_What the exercise asks_: Beginning with the line that holds "Um cartão de", output every remaining line of the material below exactly, and include none of the pictures.
== Source material ==
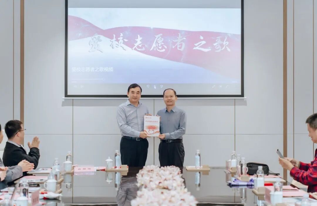 会议特设“爱校志愿者基金”工作总结与倡议环节。学校教育发展基金会秘书长夏贤锋阐述了基金设立的初衷与阶段成果,强调了校友工作与基金工作融合发展的重要性。李春根代表学校向陈新赠送了《江西财经大学爱校志愿者基金发展报告1.0》,感谢其为校友工作及基金工作作出的卓越贡献。随后,会议宣读了《江西财经大学爱校志愿者基金倡议书》,号召更多校友加入爱心接力。
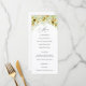 Um cartão de menu com uma cascata de girassol e verde-aquarela. Personalize com o texto do menu para um brunch, almoço ou janto.
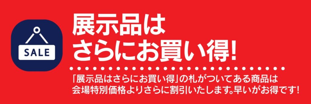「展示品はさらにお買い得」の札がついてある商品は会場特別価格よりさらに割引いたします。お早目にご来店ください!
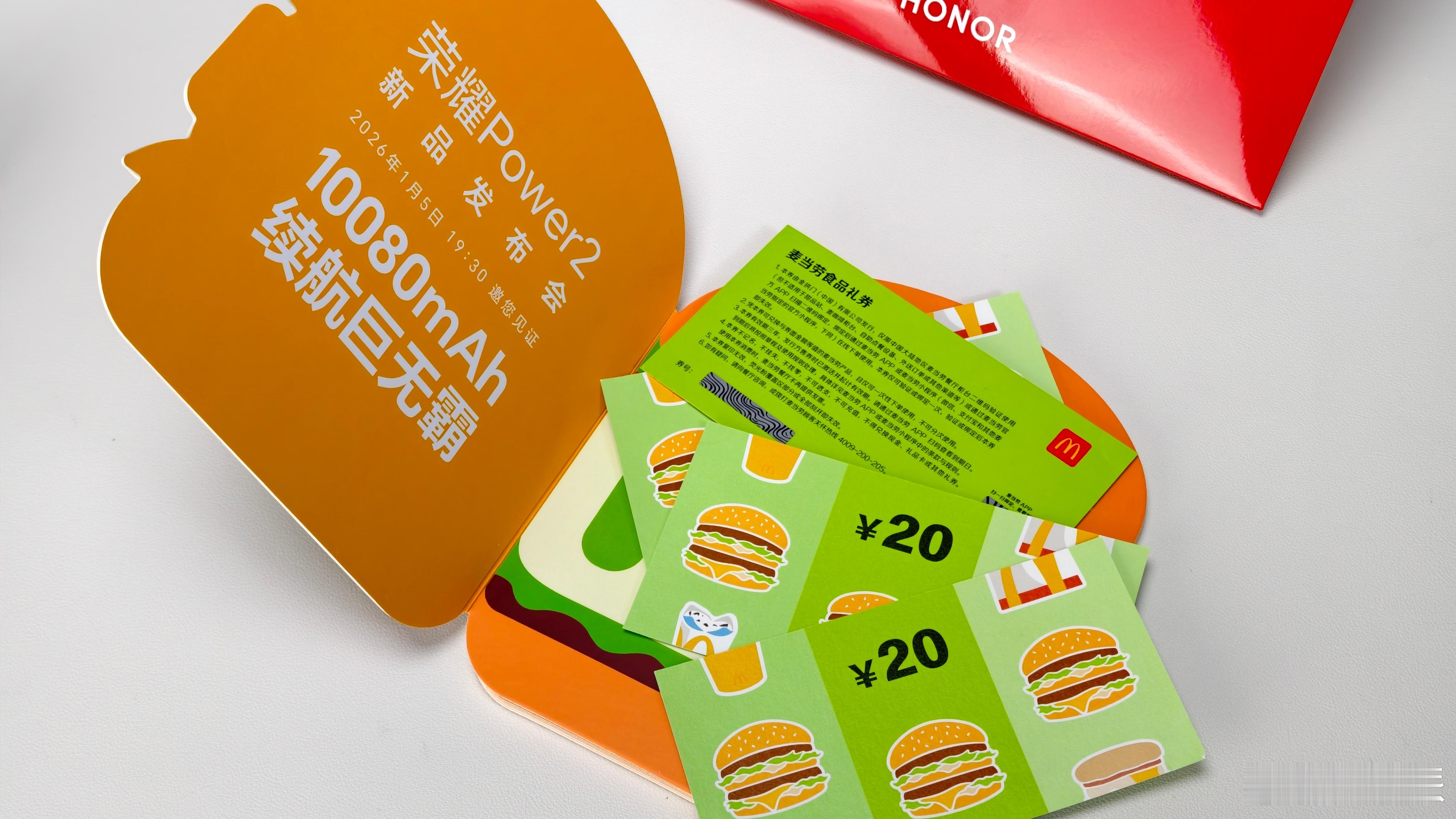收到明晚19:30荣耀Power2发布会邀请函了,一个内含4张麦当劳食品礼券的“巨无霸汉堡”。续航彻底革新,信号稳如基站,性能持续狂飙,防护无懈可击。作为户外轻旗舰,这一代,不止量大管饱,更重塑对户外体验的想象边界!荣耀Power2 发布会值得期待。一会儿评论区选几个要求的老铁,每人送一张20元的麦当劳食品礼券
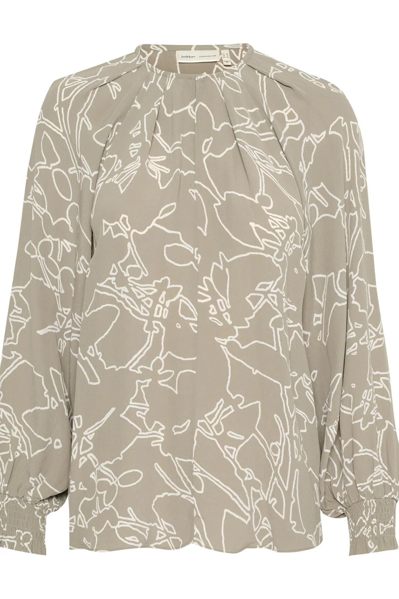 OBS! Fjernlager. Levering kan blive forlænget med 2-3 dage, hvis varen ikke findes i vores butik lige nu.Flot bluse fra InWear med lange pufærmer, rund hals og tætsiddende smock manchetter. Blusen har også en afslappet silhuet med et flot print.
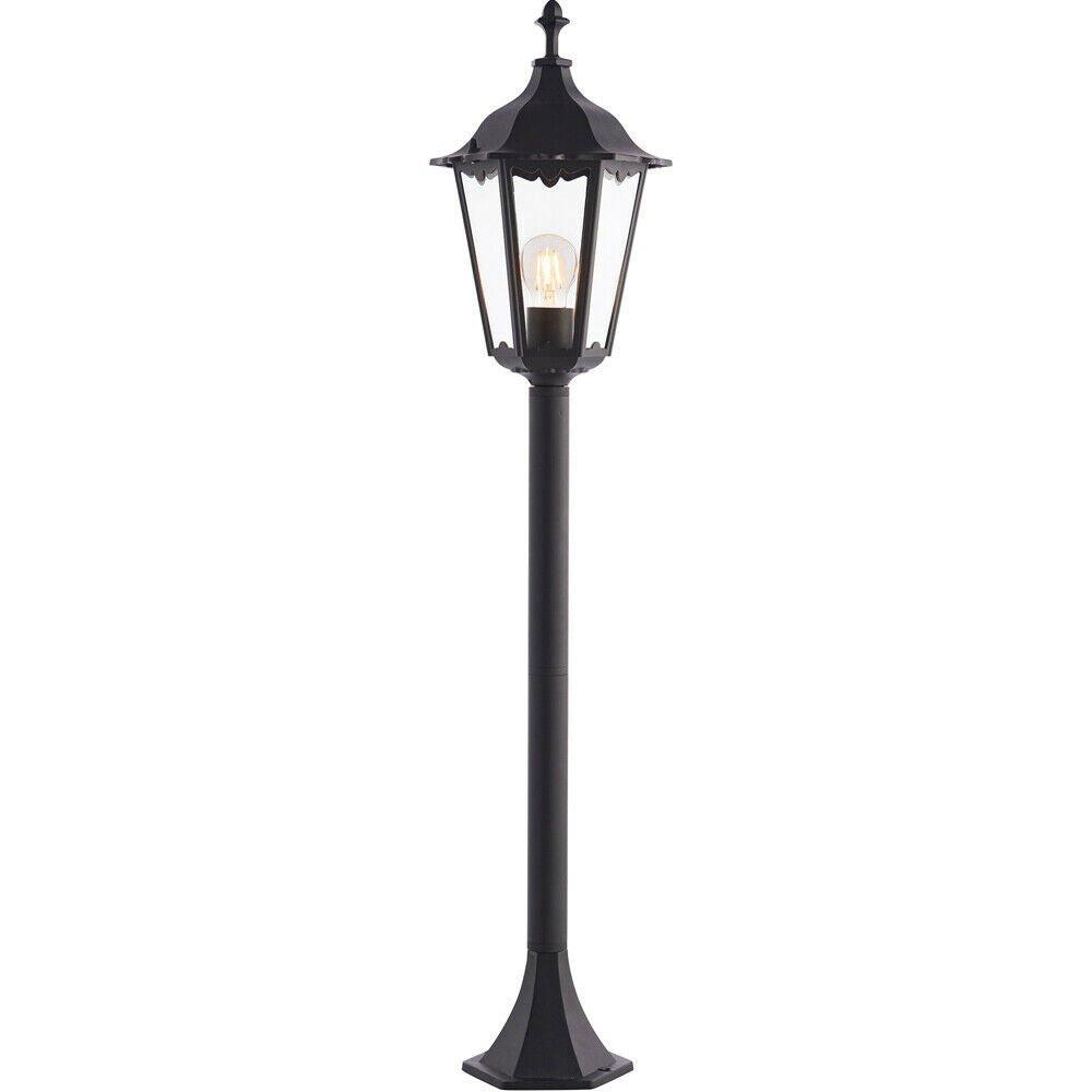 Outdoor Lamp Post Lantern Bollard Light Matt Black & Glass 1m Tall Garden LED
===
_Response to this exercise_:
 Um cartão de menu com uma cascata de girassol e verde-aquarela. Personalize com o texto do menu para um brunch, almoço ou janto.
「展示品はさらにお買い得」の札がついてある商品は会場特別価格よりさらに割引いたします。お早目にご来店ください!
收到明晚19:30荣耀Power2发布会邀请函了,一个内含4张麦当劳食品礼券的“巨无霸汉堡”。续航彻底革新,信号稳如基站,性能持续狂飙,防护无懈可击。作为户外轻旗舰,这一代,不止量大管饱,更重塑对户外体验的想象边界!荣耀Power2 发布会值得期待。一会儿评论区选几个要求的老铁,每人送一张20元的麦当劳食品礼券
 OBS! Fjernlager. Levering kan blive forlænget med 2-3 dage, hvis varen ikke findes i vores butik lige nu.Flot bluse fra InWear med lange pufærmer, rund hals og tætsiddende smock manchetter. Blusen har også en afslappet silhuet med et flot print.
 Outdoor Lamp Post Lantern Bollard Light Matt Black & Glass 1m Tall Garden LED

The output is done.